How the 10/1 ARM Calculator Works
We compute your monthly payment during the 10-year fixed span and simulate annual resets using your assumptions: index drift, margin (informational), and caps. Then we surface the projected payment after the first reset and a complete amortization schedule.
Disclaimer: Results are estimates for education and planning; lender calculations may differ.
What Is a 10/1 ARM?
A 10/1 ARM offers a fixed rate for 10 years followed by annual adjustments. The initial rate is often below a 30-year fixed, which can reduce early payments for borrowers who may sell, move, or refinance before or soon after the first reset.
Understanding Rate Caps
- Initial Cap: Max change at the first adjustment.
- Periodic Cap: Max change at each subsequent yearly reset.
- Lifetime Cap: Max cumulative increase over the life of the loan.
Pros and Cons of a 10/1 ARM
- Pros: lower initial rate, lower payments for a full decade, potential savings.

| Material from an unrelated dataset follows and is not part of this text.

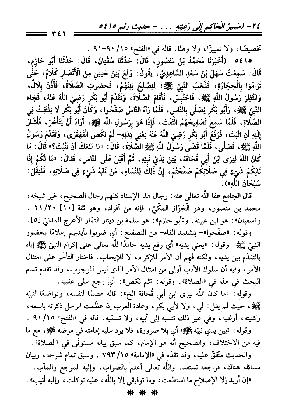 5415 - (أَخْبَرَنَا مُحَمَّدُ بْنُ مَنْصُورٍ، قَالَ: حَدَّثَنَا سُفْيَانُ، قَالَ: حَدَّثَنَا أَبُو حَازِمٍ، قَالَ: سَمِعْتُ سَهْلَ بْنَ سَعْدٍ السَّاعِدِيَّ، يَقُولُ: وَقَعَ بَيْنَ حَيَّيْنِ مِنَ الأَنْصَارِ كَلاَمٌ، حَتَّى تَرَامَوْا بِالْحِجَارَةِ، فَذَهَبَ النَّبِيُّ -صلى الله عليه وسلم-؛ لِيُصْلِحَ بَيْنَهُمْ، فَحَضَرَتِ الصَّلاَةُ، فَأَذَّنَ بِلاَلٌ، وَانْتُظِرَ رَسُولُ اللَّهِ -صلى الله عليه وسلم-، فَاحْتُبِسَ، فَأَقَامَ الصَّلاَةَ، وَتَقَدَّمَ أَبُو بَكْرٍ رضى الله عنه، فَجَاءَ النَّبِيُّ -صلى الله عليه وسلم-، وَأَبُو بَكْرٍ يُصَلِّي بِالنَّاسِ، فَلَمَّا رَآهُ النَّاسُ صَفَّحُوا، وَكَانَ أَبُو بَكْرٍ لاَ يَلْتَفِتُ فِي الصَّلاَةِ، فَلَمَّا سَمِعَ تَصْفِيحَهُمُ الْتَفَتَ، فَإِذَا هُوَ بِرَسُولِ اللَّهِ -صلى الله عليه وسلم-، أَرَادَ أَنْ يَتَأَخَّرَ، فَأَشَارَ إِلَيْهِ أَنِ اثْبُتْ، فَرَفَعَ أَبُو بَكْرٍ رضى الله عنه يَعْنِي يَدَيْهِ- ثُمَّ نَكَصَ الْقَهْقَرَى، وَتَقَدَّمَ رَسُولُ اللَّهِ -صلى الله عليه وسلم-، فَصَلَّى فَلَمَّا قَضَى رَسُولُ اللَّهِ -صلى الله عليه وسلم- الصَّلاَةَ، قَالَ: "مَا مَنَعَكَ أَنْ تَثْبُتَ؟ "، قَالَ مَا كَانَ اللَّهُ لِيَرَى ابْنَ أَبِي قُحَافَةَ، بَيْنَ يَدَيْ نَبِيِّهِ، ثُمَّ أَقْبَلَ عَلَى النَّاسِ، فَقَالَ: "مَا لَكُمْ إِذَا نَابَكُمْ شَيْءٌ فِي صَلاَتِكُمْ صَفَّحْتُمْ، إِنَّ ذَلِكَ لِلنِّسَاءِ، مَنْ نَابَهُ شَيْءٌ فِي صَلاَتِهِ، فَلْيَقُلْ: سُبْحَانَ اللَّهِ").

- Cons: payment uncertainty after 10 years; exposure to rising rates.
10/1 ARM vs. 30-Year Fixed
A 30-year fixed prioritizes certainty; a 10/1 ARM prioritizes a lower initial payment for a decade, with risk of higher payments later. Choose based on time horizon and risk tolerance.
Inputs for the Calculator
- Home price & down payment (amount or %)
- Loan term (years), initial rate (10-year fixed), index drift, and caps
- Optional: taxes, insurance, HOA; extra principal
Understanding Your Results
See your initial monthly payment, projected post-adjustment payment, total interest, and amortization schedule. Use the yearly chart to visualize costs and balance over time.
Frequently Asked Questions
Can I refinance before the first reset?
Yes. Many borrowers refinance around year 9–11 to lock a new rate.
How are payments recalculated after 10 years?
Each year, the payment is recomputed based on the new rate, remaining balance, and remaining term, subject to your caps.